Paglia, however, belongs to a small minority of thinkers. Most who discuss objectification continue to regard it as a morally and politically problematic issue, often tied to discussions around pornography, but which has its philosophical roots in the work of Immanuel Kant, who believed that all forms of extramarital sex invariably resulted in objectification. Obviously, therefore, Kant would almost certainly not have approved of Juliet’s projected dalliance with an Italian peasant. For Kant, all human beings have an absolute ‘inner worth’ or dignity and it’s morally imperative that each person respects not only their own humanity, but the personhood of others. And this means never merely treating them as a means, but always as an end in themselves. Like Lawrence, he strongly objects to instrumental sex in which one of the partners is treated as a mere toy or tool for the other’s own pleasure and purposes.

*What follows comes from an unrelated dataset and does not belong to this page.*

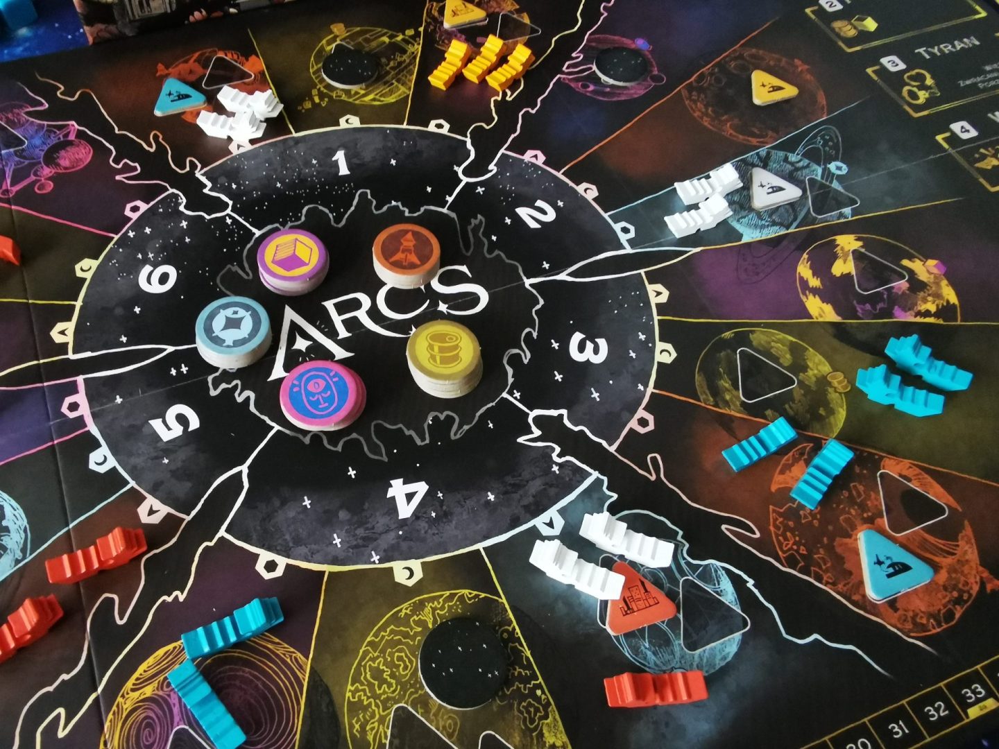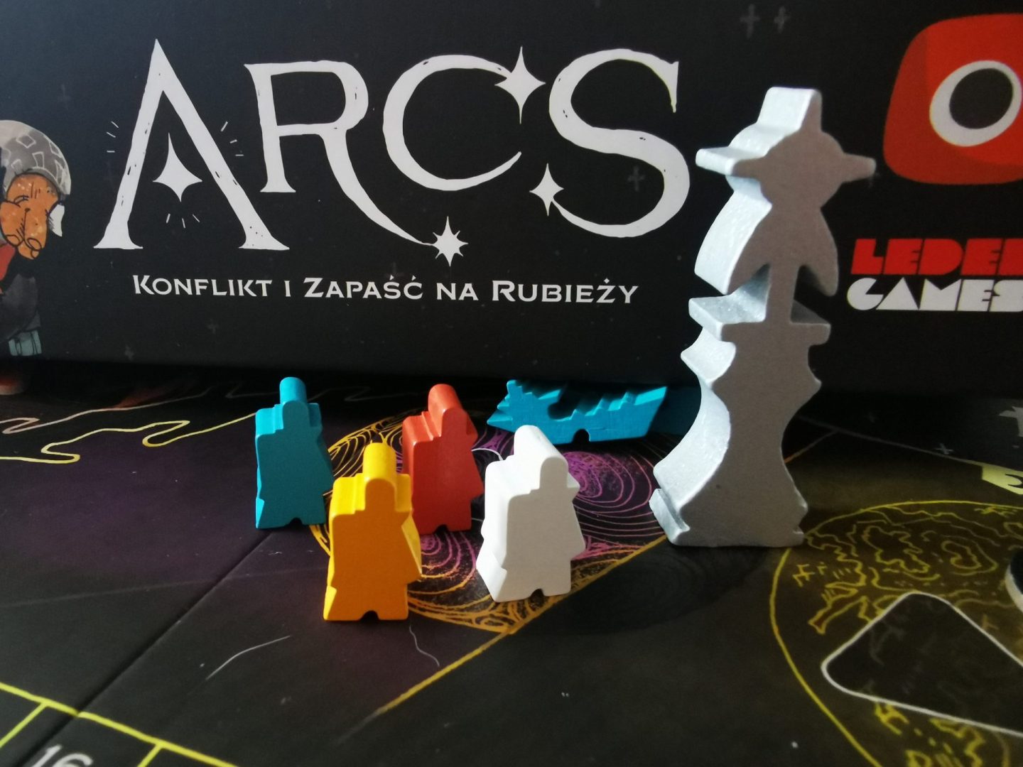 Całość rozgrywki trwa 3–5 rund w zależności od liczby graczy, a tura jednego gracza trwa kilkadziesiąt sekund, w których zdążymy swoje pomyśleć. Dzięki temu rozgrywka jest dynamiczna, ale nie pozbawiona odpowiedniej głębi. Najlepiej grało mi się w trzy osoby – pełno interakcji, jest nieco przestrzeni na rozbudowę, a i poblefować można. Gra nie ma trybu solo i szczerze, nie wyobrażam sobie tej gry bez interakcji z innymi graczami. Podoba mi się również regrywalność Arcs – jest tego od groma, a najlepsze, że nawet grając na takich samych ustawieniach i tym samym liderem partia może być zupełnie inna.

Personally, I find it difficult to share this concern about diminished personhood and loss of integrity etc. I don’t see what’s so great about being a subject, or what’s so objectionable about being an object. In fact, I’m almost tempted to agree with Alan Soble who argues that human subjectivity is simply an anthropocentric conceit and that no one can therefore be ‘objectified’, as no one actually possesses any higher ontological status. Thus, for Soble, there can be no moral objection to Juliet’s proposed sexual exploitation of the Italian peasant.   Indeed, it might be argued that very often people like feeling useful; to feel that they have no instrumental part to play in society is what makes many men and women feel unhappy. Clearly the peasant is sexually interested in Juliet and one doubts very much whether he – unlike Mellors – would have any objection to becoming ‘her ladyship’s fucker’. Probably he would be more than happy to serve as a willing stud-animal and solar substitute to the rich, beautiful foreigner. With that thought, let us now return to the tale and to its conclusion.

Fate

Juliet now has a problem: “The sun had opened her womb, and she was no longer free” [30]. And then, unexpectedly, her husband, Maurice, arrives on the scene. At first she has to struggle to remember him and the fact that she was married. But with her troublesome womb-flower in full bloom she thinks to herself ‘at least he’s a man’ – even if, in his dark-grey business suit, he looks “pathetically out of place” [32] on the Italian hillside: “like a blot of ink on the pale, sun-glowing slope” [32].

Understandably, Maurice is rather taken aback by the sight of his sun-ravished wife. She looked like an obscene goddess: “standing erect and nude … glistening with the sun and with warm life” [32]. And yet, somehow, “she did not seem so terribly naked” [32]. It was as if she were clothed in the fire of the sun, like the Scarlet Woman of Revelation. Nevertheless, she makes him nervous: for it was a new woman he saw before him, with her “sun-tanned, wind-stroked thighs” [33] – not the white-skinned woman he had waved off months earlier from New York harbour. Nervous or not, he felt a strange desire “stirring in him for the limbs and sun-wrapped flesh of the woman … It was a new desire in his life, and it hurt him” [33] as all new feelings do:

“He was dazed with admiration, but also, at a deadly loss. He was used to her as a person. And this was no longer a person, but a fleet, sun-strong body, soulless and alluring as a nymph …” [33]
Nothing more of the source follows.